Trump’s comments not only insulted Khan herself, but all Muslim American women who are tired of the stereotype that they are oppressed. Khan fired back that she declined to speak at the convention because she was still too upset about the death of her son ― not because her husband or culture forbid her to do so. And female activists in the Muslim American community rallied behind Khan using the social media hashtag #CanYouHearUsNow, hoping to disabuse Trump of his misconceptions about Muslim women.
But Trump didn’t stop there. In an interview with USA Today columnist Kristen Powers published on Monday, the GOP candidate insulted working women across the world when he said that he would expect his daughter, Ivanka, to “find a new career” or company if she were sexually harassed by her boss at work. He made the comment in a conversation about Roger Ailes, the former Fox News chief whom multiple female employees have accused of demanding sex from them in exchange for career advancement.
Aside from the fact that most women do not have the luxury of simply finding a new career after being sexually harassed on the job, Trump said nothing about holding the perpetrator accountable. In fact, he said he was skeptical of the women who accused Ailes of sexual harassment, calling the conservative media executive a “good person” and “very talented.”
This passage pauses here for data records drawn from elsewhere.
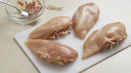 var configuration = {"title":"Stuffed Chicken Breasts Cordon Bleu","introduction":"Baked chicken cordon bleu has a fancy reputation, but this recipe couldn\u0027t be any easier. Tender chicken breasts are stuffed with chopped ham and shredded Swiss cheese — and then topped with butter-coated Italian-style breadcrumbs. You may be serving this easy stuffed chicken cordon bleu dish at your family\u0027s dinner table, but it will taste like it came from your favorite restaurant.","servingSize":"1 Serving","image":{"small":{"media":"(min-width: 0px)","src":"https://mojo.generalmills.com/api/public/content/V_QrMCDtZ0CDnwCeEESuhg_webp_base.webp?v=49f11ebc\u0026t=e724eca7b3c24a8aaa6e089ed9e611fd"},"medium":{"media":"(min-width: 500px)","src":"https://mojo.generalmills.com/api/public/content/V_QrMCDtZ0CDnwCeEESuhg_webp_base.webp?v=49f11ebc\u0026t=191ddcab8d1c415fa10fa00a14351227"},"large":{"media":"(min-width: 767px)","src":"https://mojo.generalmills.com/api/public/content/V_QrMCDtZ0CDnwCeEESuhg_webp_base.webp?v=49f11ebc\u0026t=191ddcab8d1c415fa10fa00a14351227"},"alt":"Stuffed Chicken Breasts Cordon Bleu"},"contributor":{"label":"By","name":"Pillsbury Kitchens","profileUrl":"/about-us","displayDate":{"label":"Updated","date":"Aug 11, 2023"}},"ingredientGroups":[{"ingredients":[{"quantity":"4","description":"large boneless skinless chicken breasts (1 1/4 to 1 1/2 lb)"},{"quantity":"1/2","description":"cup shredded Swiss cheese (2 oz)"},{"quantity":"1/2","description":"cup finely chopped ham (2 oz)"},{"quantity":"3","description":"tablespoons butter, melted"},{"quantity":"3/4","description":"cup Progresso™ Italian style panko crispy bread crumbs "}]}],"steps":[{"description":"Heat oven to 375°F. To form pocket in each chicken breast, cut 3-inch-long slit in thick side of each breast, cutting into breast about 2 inches and to within 1/2 inch of opposite side. ","stepShotImageUrl":"//mojo.generalmills.com/api/public/content/1WX0HoLa502ei-6-UenmZQ_webp_base.webp?v=6b7d0740\u0026t=51a43a57af4046789e5a7f20567b1195"},{"description":"In small bowl, mix cheese and ham. Spoon evenly into pockets in chicken; secure openings with toothpicks. ","stepShotImageUrl":"//mojo.generalmills.com/api/public/content/lsLkTzilMUCmttcl6FkWzA_webp_base.webp?v=051ecd72\u0026t=51a43a57af4046789e5a7f20567b1195"},{"description":"Place melted butter in shallow dish. Place bread crumbs on large plate. Dip each stuffed chicken breast into butter; roll in bread crumbs to coat. Place in ungreased 13x9-inch (3-quart) glass baking dish. Sprinkle any remaining bread crumbs over chicken.","stepShotImageUrl":"//mojo.generalmills.com/api/public/content/zCPhqJGfMkyYToLRlkFxhA_webp_base.webp?v=1383f9f4\u0026t=51a43a57af4046789e5a7f20567b1195"},{"description":"Bake 28 to 32 minutes or until juice of chicken is clear when center of thickest part is cut (at least 165°F). Remove toothpicks before serving. "}],"tips":[{"title":"","description":"Before stuffing, place each chicken breast between two pieces of plastic wrap and pound on a cutting board to ensure uniformity.","category":"Techniques","tipShots":[]},{"title":"","description":"If you have deli ham on hand, you can stuff 1 to 2 thin slices in the pocket of each chicken breast in place of the chopped ham.","category":"Substitution","tipShots":[]},{"title":"","description":"If you need to melt the butter quickly, put in a microwave-safe container, cover it and microwave it on High for about 30 seconds.","category":"Techniques","tipShots":[]},{"title":"","description":"Use an instant-read meat thermometer to make sure your chicken is fully cooked. Insert it in the thickest part of the chicken and look for a temperature of 165°F.","category":"Food Safety","tipShots":[]},{"title":"","description":"For a complete meal, serve this Stuffed Chicken Breasts Cordon Bleu with a fresh salad or a side of vegetables, like roasted broccoli.","category":"Serving Suggestions/Menu","tipShots":[]},{"title":"","description":"In French, “cordon bleu” translates to “blue ribbon” in English, and believe it or not, this term dates all the way back to 16th century France, according to \u003ca href=\u0022https://www.smithsonianjourneys.org/blog/how-did-le-cordon-bleu-get-its-name-180950852/\u0022 target=\u0022_blank\u0022\u003eSmithsonian\u003c/a\u003e. An order of knights that were created by King Henry III of France wore blue ribbons with the cross of the Holy Spirit attached. Large feasts were held for these knights, and the food served was of the highest quality for the prestigious group—it’s thought that the term “cordon bleu” then became associated not only with the knights, but also with the food served at their dinners.\r\n\r\nChicken cordon bleu nowadays is a type of stuffed chicken breast. The common fillings are ham and cheese (often Swiss cheese). This dish can be baked in the oven or cooked on the stove. This easy five-ingredient recipe is baked in the oven and is stuffed with the classic cordon bleu ingredients, and to make it even better, is rolled in a panko bread crumb mixture for a tasty, crunchy finishing touch. \r\n\r\nStuffing chicken breasts with ham and Swiss is just the beginning. Thanks to chicken breasts’ versatility, you can prepare them in seemingly endless different ways! Browse all of our easy \u003ca href=\u0022https://www.pillsbury.com/recipes/ingredient/chicken/breasts\u0022 target=\u0022_blank\u0022\u003echicken breast recipes\u003c/a\u003e and see for yourself.","category":"Editorial","tipShots":[]},{"title":"","description":"Recipe meets Kitchen Tested criteria. Recipe reviewed as part of project MSO-6632 – MSP Oct RDP Tips Review","category":"Kitchen Tested","tipShots":[]}],"kitchenTips":[{"title":"","description":"Before stuffing, place each chicken breast between two pieces of plastic wrap and pound on a cutting board to ensure uniformity.","category":"Techniques","tipShots":[]},{"title":"","description":"If you have deli ham on hand, you can stuff
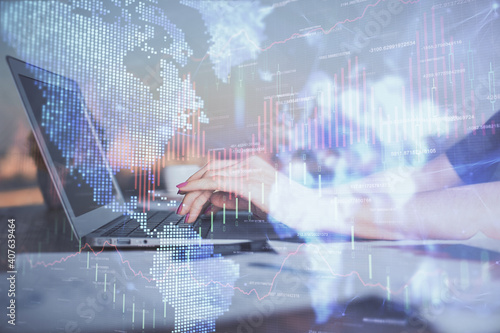 Double exposure of businesswoman hands typing on computer and forex chart hologram drawing. Financial analysis concept.
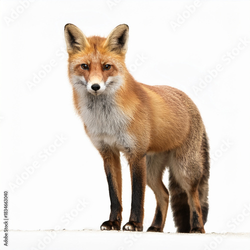 © Six Asyik, Fototapeta premium A red fox standing alert on a white background, natural lighting, full-body shot
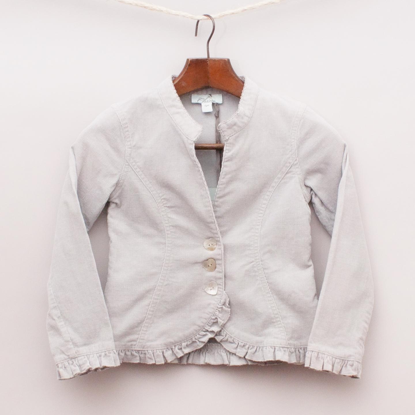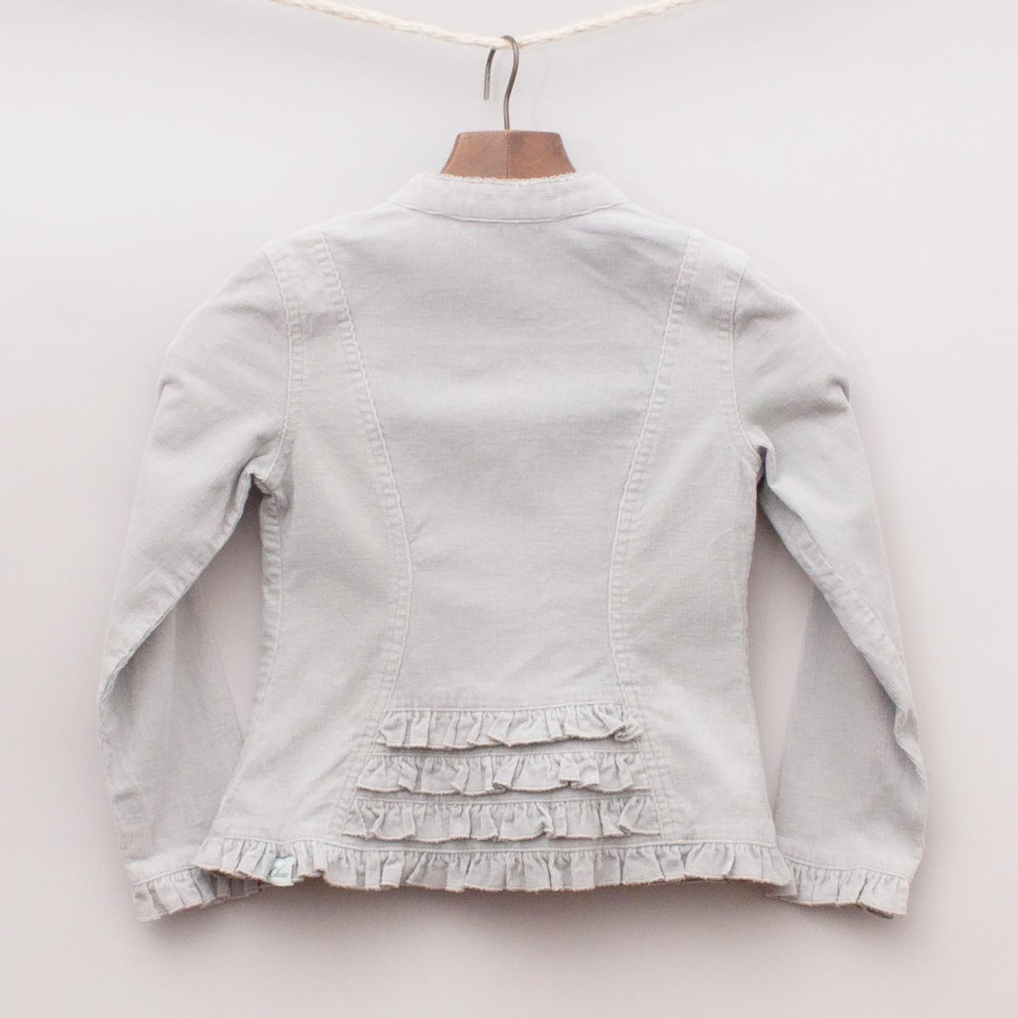 Chino "brand new with tags" grey corduroy jacket with ruffled hemline and cuffs and pearl heart buttons
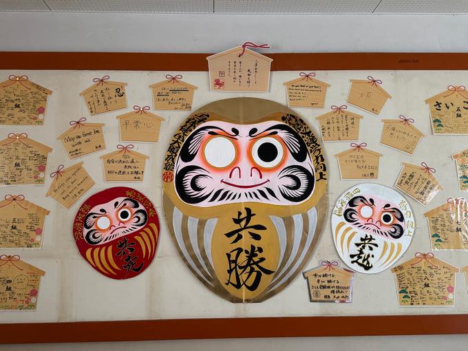 本日から公立高校の入試が始まりました。3年生の教室近くの廊下には、学年スローガンである「共勝」の文字が力強く書かれた、大きなだるまが掲示されています。そして その周りには、校長をはじめ、学年の先生方からの熱いエールや、各クラスの仲間たちの思いが込められた寄せ書きの絵馬が飾られています。自分の目標に向かって、ひたむきに努力を重ねてきた3年生。 どうかこれまでの努力に自信を持ち、持てる力を存分に発揮してきてほしいと願っています。頑張れ、3年生!
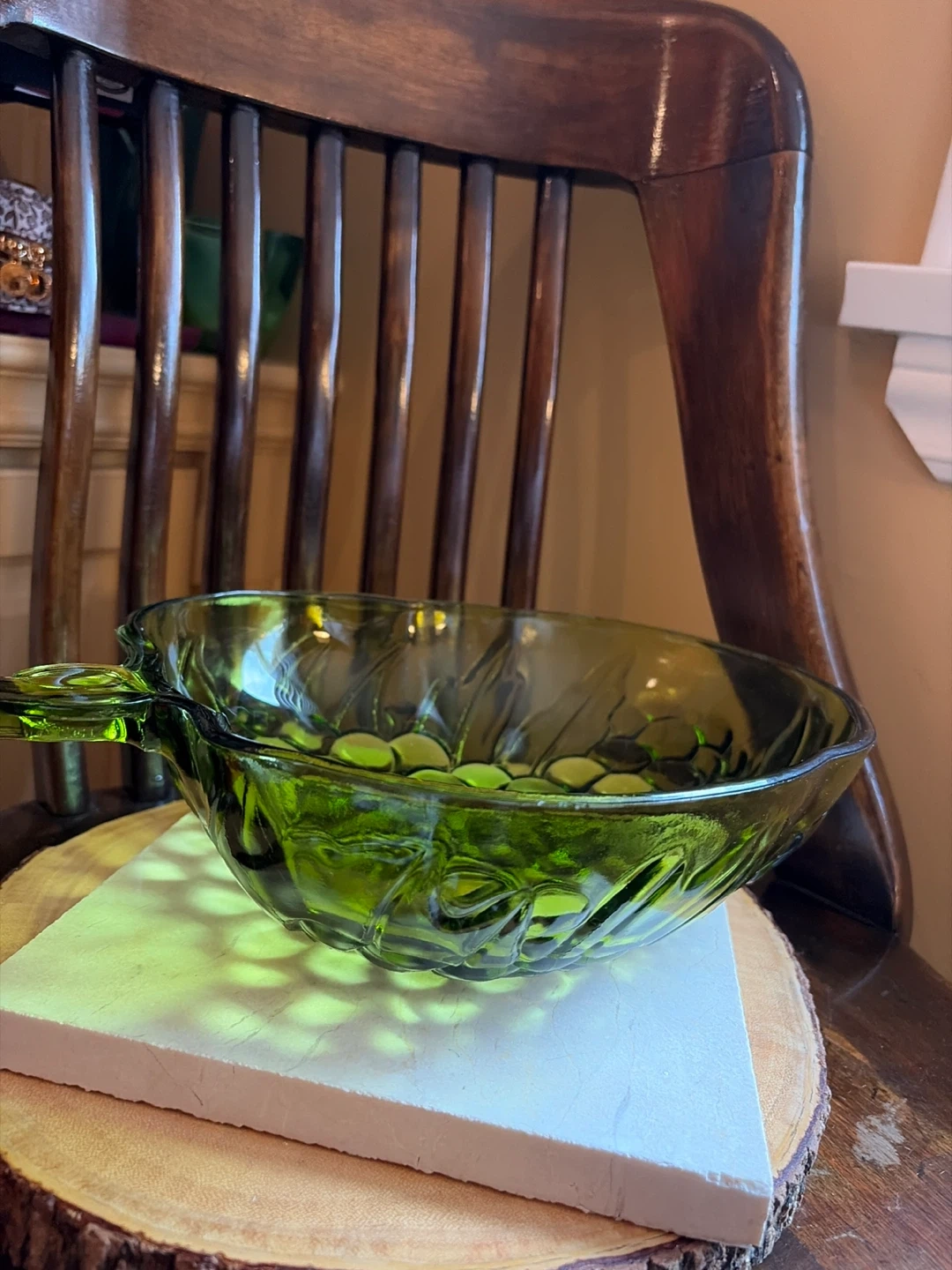 Vintage Avocado Green Indiana Glass Grape Salad Bowl
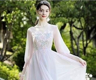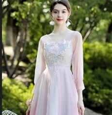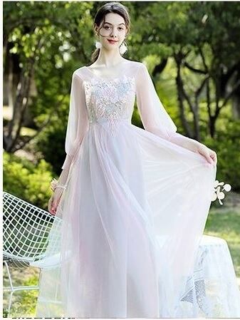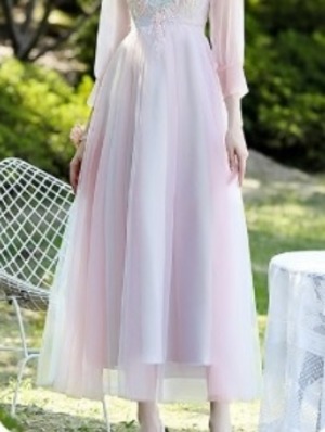 チュールロング丈のパーティードレス。やさしいスモーキーピンクのサテン地の上に、同色のチュールを2枚重ね、背中はシャ-リングのデザインで優しい印象のドレス。上半身には同色の糸でボタニカル柄を刺繍。袖はチュールのみで肌をほんのり見せ、袖先をゴムをしぼることで可愛らしさがアップ。裾までは2重のチュールをたっぷりと使用しボリューム感を出しています。フェミニンな中にも大人の魅力を感じさせてくれています。パーティやイベント、結婚式など、様々なシーンで、気品のある印象を与えてくれる一枚です。右後ろサイドファスナ-有。裏地なし。胸パット付き。
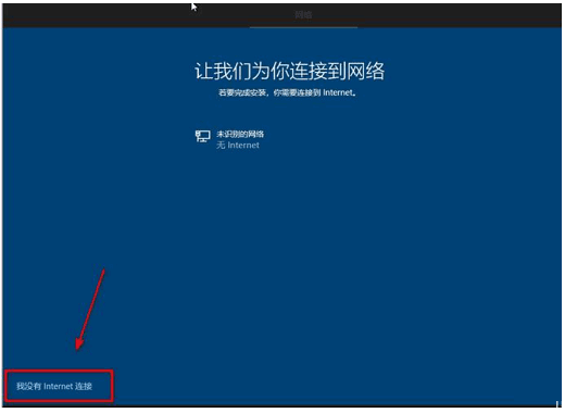 2、安装部署中会跳出“让我们为你连接到网络”这个页面——点击“我没有internet连接”
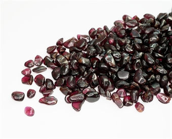 Storkøb 50 carat granater fra Afrika. Krystallerne er flodsten, udvasket fra bjergene, så de har en blød lækker overflade. Varianten kaldes rhodolit granat, farven er rød til rød-violet. Fine klare ædelsten, der kan bruges til facetslibning.
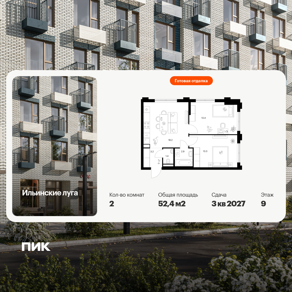 Купить 2к квартиру 54 м² в ЖК Белая Дача парк
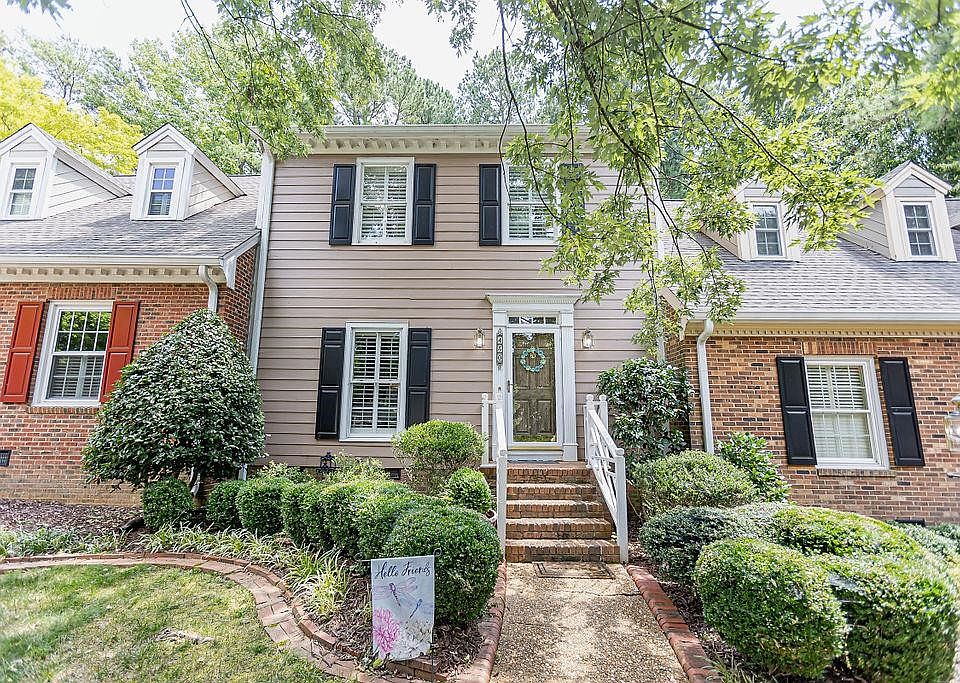 Lovely townhome in Weathersfield Place! Established neighborhood in a great location in North Raleigh near Ravenscroft School!! This 3 bedroom 2.5 bath has been updated! Nice updated kitchen with stainless steel appliances. Brick fireplace and built-in cabinets in the family room! Sit on the back deck and enjoy the birds and wildlife since it backs up to woods! Atmox controlled ventilation system has been installed in crawl space with vapor barrier. Refrigerator, washer & dryer convey. Walk-up attic is great for storage and could be finished!
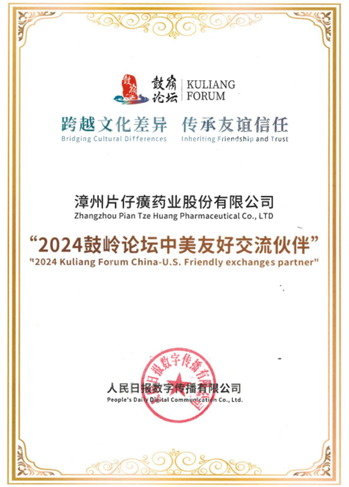漳州片仔癀被授予“2024鼓岭论坛中美友好交流伙伴”荣誉称号
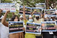 Members of Aam Aadmi Party raise slogans against state government during a protest at SBM Circle, in Bengaluru on Saturday 9th January 2021
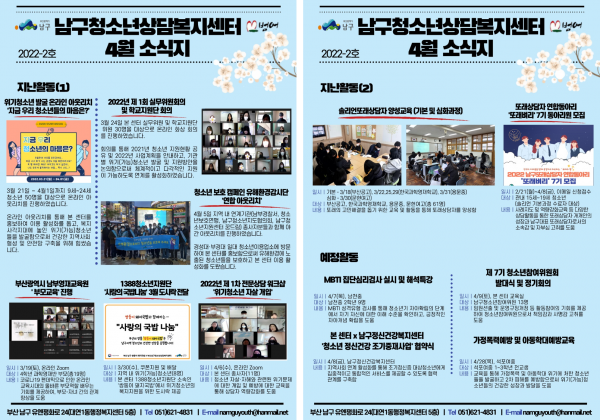 4월 소식지 페이지 정보 작성자 최고관리자 작성일22-04-19 11:37 조회962회 댓글0건 이전글 다음글 답변 목록 본문 남구청소년상담복지센터·남구꿈드림 4월 소식입니다:) 댓글목록 등록된 댓글이 없습니다. 이전글 다음글 답변 목록
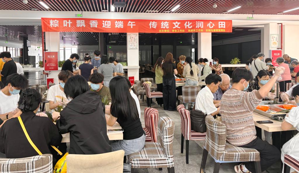 在端午佳节来临之际,5月29日,学校在第一食堂组织开展了“粽叶飘香迎端午 传统文化润心田”主题活动。退休教职工与青年学子百余人齐聚一堂,以手作之美体悟端午之韵,用代际对话续写文化薪火。
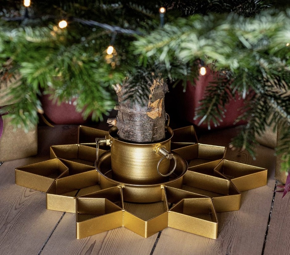 Juletræsfod i guld med vandbeholder – Mascha Vang
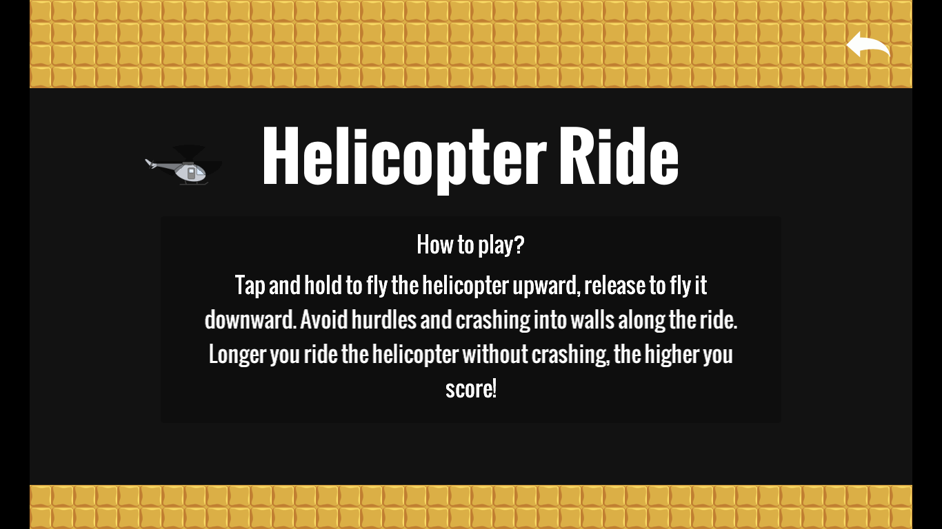 Tap and hold to fly the helicopter upward, release to fly it downward. Avoid hurdles and crashing into walls along the ride. Longer you ride the helicopter without crashing, the higher you score!
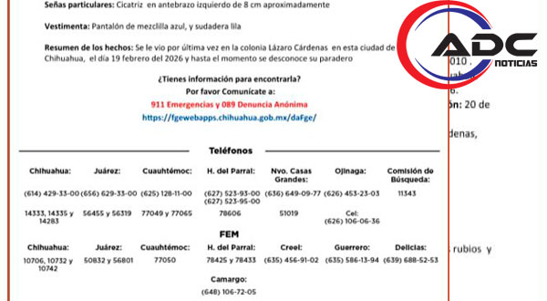 Meoqui, Chih.- La Fiscalía General del Estado activó el protocolo de búsqueda para localizar a la adolescente Ingrid Zamira Villalva Rodríguez, de 15 años de edad, quien fue reportada como desaparecida en la ciudad de Chihuahua.
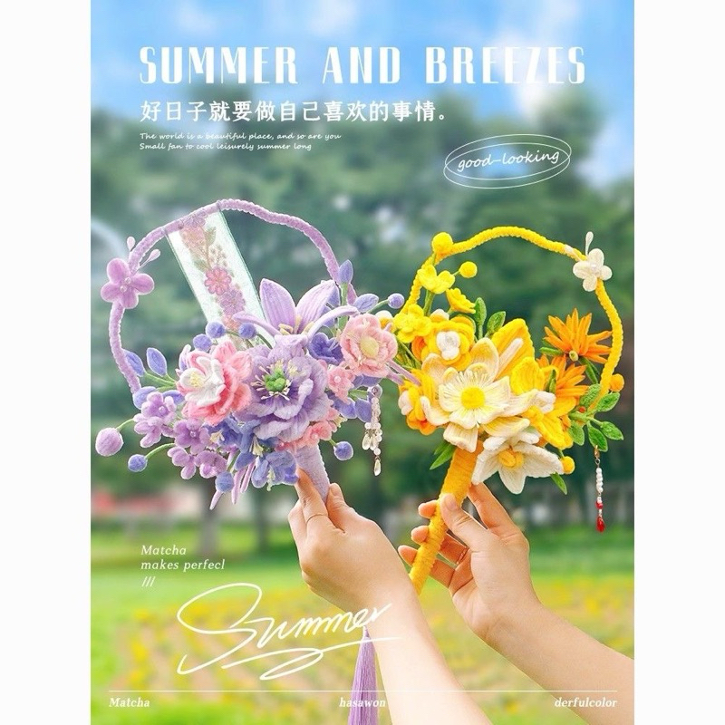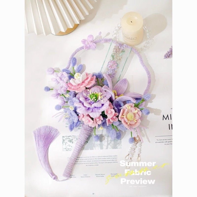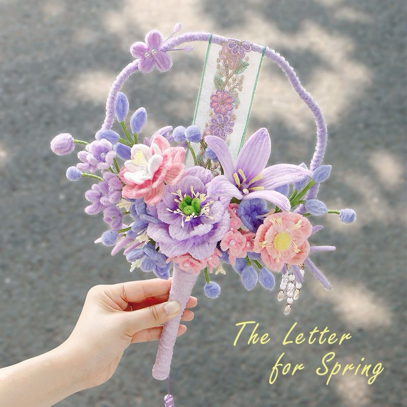 現貨紫色-扭扭棒團扇-花束手工 diy材料包-扇子 送家人朋友創意禮物

“Some of the women that are complaining, I know how much he’s helped them,” Trump said of Ailes in an NBC news interview last week.
Of course, Trump was not content to insult only Muslim women and working women. He decided to publicly mock a woman holding a crying baby at his rally in Ashburn, Virginia, on Tuesday, and then kick both the mom and baby out of the event.
“Don’t worry about that baby. I love babies,” Trump said, sarcastically, after hearing the baby crying during his speech. “Don’t worry about it. I love babies. I hear that baby crying, I like it. What a baby. What a beautiful baby. Don’t worry, don’t worry. The mom’s running around like — don’t worry about it, you know. It’s young and beautiful and healthy and that’s what we want.”
But when the young mom didn’t take the hint that Trump wanted her to leave, he told her more directly.
“Actually, I was only kidding, you can get the baby out of here,” the Republican nominee said to laughter and applause. “That’s all right. Don’t worry. I think she really believed me that I love having a baby crying while I’m speaking. That’s OK. People don’t understand. That’s OK.”
Then, at the same rally, Trump turned his attention to Democratic presidential nominee Hillary Clinton.
“Do you think she looks presidential?” he asked the crowd. “I don’t think so.”
Of course Clinton doesn’t look presidential. Every president the United States has had for 240 years has been a man. But Trump was likely not referring to the glass ceiling when he commented about his opponent’s looks.
It remains to be seen whether these comments will be enough to turn off his female supporters. Before this week, he had called women “fat pigs” and “dogs,” said women should face “punishment” for having abortions, and allegedly called a female attorney “disgusting” when she requested to leave a deposition in 2011 to pump breast milk. But several female delegates at the Republican National Convention in July told The Huffington Post that Trump’s misogynistic remarks made them no less inclined to support him.
“Do I think that some of the things he said are hurtful? Maybe, yeah,” said one mother of three from Minnesota. “But that’s the beauty of our First Amendment. We should be able to say things no matter what.”